▶ TASK TO COMPLETE: Output the listing below, all of it, exactly as given.

▶ DATA SECTION:
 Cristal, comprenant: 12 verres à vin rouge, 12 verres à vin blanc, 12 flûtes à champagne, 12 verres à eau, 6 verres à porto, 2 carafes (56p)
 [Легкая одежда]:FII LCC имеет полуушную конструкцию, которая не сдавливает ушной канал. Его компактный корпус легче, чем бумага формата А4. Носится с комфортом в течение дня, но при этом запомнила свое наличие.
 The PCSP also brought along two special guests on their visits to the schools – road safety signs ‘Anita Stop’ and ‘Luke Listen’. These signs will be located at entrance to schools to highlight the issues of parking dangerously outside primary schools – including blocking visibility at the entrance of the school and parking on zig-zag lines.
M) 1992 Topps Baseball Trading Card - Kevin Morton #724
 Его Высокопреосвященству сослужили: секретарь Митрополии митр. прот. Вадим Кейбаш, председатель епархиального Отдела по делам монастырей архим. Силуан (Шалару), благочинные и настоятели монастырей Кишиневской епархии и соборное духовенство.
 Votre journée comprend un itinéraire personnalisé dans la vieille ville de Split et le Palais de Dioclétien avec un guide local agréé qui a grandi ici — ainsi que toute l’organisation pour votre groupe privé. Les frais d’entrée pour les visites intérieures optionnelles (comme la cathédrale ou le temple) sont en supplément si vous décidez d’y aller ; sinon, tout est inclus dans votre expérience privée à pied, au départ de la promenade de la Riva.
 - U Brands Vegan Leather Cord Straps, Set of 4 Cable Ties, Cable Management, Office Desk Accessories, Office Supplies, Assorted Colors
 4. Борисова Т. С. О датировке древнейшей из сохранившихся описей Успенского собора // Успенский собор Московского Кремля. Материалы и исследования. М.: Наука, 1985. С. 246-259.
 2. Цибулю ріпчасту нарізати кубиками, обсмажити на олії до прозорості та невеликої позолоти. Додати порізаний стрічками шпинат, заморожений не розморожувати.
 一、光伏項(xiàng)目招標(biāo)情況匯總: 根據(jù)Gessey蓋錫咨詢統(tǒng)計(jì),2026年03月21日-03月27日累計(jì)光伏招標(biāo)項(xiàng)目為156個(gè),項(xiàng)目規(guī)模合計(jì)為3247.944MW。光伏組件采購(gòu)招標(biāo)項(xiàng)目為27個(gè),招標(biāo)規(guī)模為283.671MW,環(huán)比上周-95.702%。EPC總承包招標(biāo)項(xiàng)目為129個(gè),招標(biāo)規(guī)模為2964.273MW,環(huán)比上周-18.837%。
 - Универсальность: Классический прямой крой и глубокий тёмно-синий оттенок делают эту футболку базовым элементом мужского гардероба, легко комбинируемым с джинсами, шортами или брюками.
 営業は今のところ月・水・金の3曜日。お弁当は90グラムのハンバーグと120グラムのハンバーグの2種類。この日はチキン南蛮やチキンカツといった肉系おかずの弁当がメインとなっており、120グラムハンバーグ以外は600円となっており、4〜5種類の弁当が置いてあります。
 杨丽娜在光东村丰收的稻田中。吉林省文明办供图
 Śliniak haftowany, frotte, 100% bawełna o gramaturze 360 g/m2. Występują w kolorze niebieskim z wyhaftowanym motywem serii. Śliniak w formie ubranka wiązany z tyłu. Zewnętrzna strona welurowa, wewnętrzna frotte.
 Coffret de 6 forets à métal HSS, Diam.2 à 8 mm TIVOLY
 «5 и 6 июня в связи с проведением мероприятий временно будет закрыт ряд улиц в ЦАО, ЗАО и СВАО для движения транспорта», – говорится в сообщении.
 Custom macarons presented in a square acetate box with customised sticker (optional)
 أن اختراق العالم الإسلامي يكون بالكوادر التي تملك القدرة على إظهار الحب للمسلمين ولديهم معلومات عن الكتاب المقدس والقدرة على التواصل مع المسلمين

▶ SOLUTION:
 Cristal, comprenant: 12 verres à vin rouge, 12 verres à vin blanc, 12 flûtes à champagne, 12 verres à eau, 6 verres à porto, 2 carafes (56p)
 [Легкая одежда]:FII LCC имеет полуушную конструкцию, которая не сдавливает ушной канал. Его компактный корпус легче, чем бумага формата А4. Носится с комфортом в течение дня, но при этом запомнила свое наличие.
 The PCSP also brought along two special guests on their visits to the schools – road safety signs ‘Anita Stop’ and ‘Luke Listen’. These signs will be located at entrance to schools to highlight the issues of parking dangerously outside primary schools – including blocking visibility at the entrance of the school and parking on zig-zag lines.
M) 1992 Topps Baseball Trading Card - Kevin Morton #724
 Его Высокопреосвященству сослужили: секретарь Митрополии митр. прот. Вадим Кейбаш, председатель епархиального Отдела по делам монастырей архим. Силуан (Шалару), благочинные и настоятели монастырей Кишиневской епархии и соборное духовенство.
 Votre journée comprend un itinéraire personnalisé dans la vieille ville de Split et le Palais de Dioclétien avec un guide local agréé qui a grandi ici — ainsi que toute l’organisation pour votre groupe privé. Les frais d’entrée pour les visites intérieures optionnelles (comme la cathédrale ou le temple) sont en supplément si vous décidez d’y aller ; sinon, tout est inclus dans votre expérience privée à pied, au départ de la promenade de la Riva.
 - U Brands Vegan Leather Cord Straps, Set of 4 Cable Ties, Cable Management, Office Desk Accessories, Office Supplies, Assorted Colors
 4. Борисова Т. С. О датировке древнейшей из сохранившихся описей Успенского собора // Успенский собор Московского Кремля. Материалы и исследования. М.: Наука, 1985. С. 246-259.
 2. Цибулю ріпчасту нарізати кубиками, обсмажити на олії до прозорості та невеликої позолоти. Додати порізаний стрічками шпинат, заморожений не розморожувати.
 一、光伏項(xiàng)目招標(biāo)情況匯總: 根據(jù)Gessey蓋錫咨詢統(tǒng)計(jì),2026年03月21日-03月27日累計(jì)光伏招標(biāo)項(xiàng)目為156個(gè),項(xiàng)目規(guī)模合計(jì)為3247.944MW。光伏組件采購(gòu)招標(biāo)項(xiàng)目為27個(gè),招標(biāo)規(guī)模為283.671MW,環(huán)比上周-95.702%。EPC總承包招標(biāo)項(xiàng)目為129個(gè),招標(biāo)規(guī)模為2964.273MW,環(huán)比上周-18.837%。
 - Универсальность: Классический прямой крой и глубокий тёмно-синий оттенок делают эту футболку базовым элементом мужского гардероба, легко комбинируемым с джинсами, шортами или брюками.
 営業は今のところ月・水・金の3曜日。お弁当は90グラムのハンバーグと120グラムのハンバーグの2種類。この日はチキン南蛮やチキンカツといった肉系おかずの弁当がメインとなっており、120グラムハンバーグ以外は600円となっており、4〜5種類の弁当が置いてあります。
 杨丽娜在光东村丰收的稻田中。吉林省文明办供图
 Śliniak haftowany, frotte, 100% bawełna o gramaturze 360 g/m2. Występują w kolorze niebieskim z wyhaftowanym motywem serii. Śliniak w formie ubranka wiązany z tyłu. Zewnętrzna strona welurowa, wewnętrzna frotte.
 Coffret de 6 forets à métal HSS, Diam.2 à 8 mm TIVOLY
 «5 и 6 июня в связи с проведением мероприятий временно будет закрыт ряд улиц в ЦАО, ЗАО и СВАО для движения транспорта», – говорится в сообщении.
 Custom macarons presented in a square acetate box with customised sticker (optional)
 أن اختراق العالم الإسلامي يكون بالكوادر التي تملك القدرة على إظهار الحب للمسلمين ولديهم معلومات عن الكتاب المقدس والقدرة على التواصل مع المسلمين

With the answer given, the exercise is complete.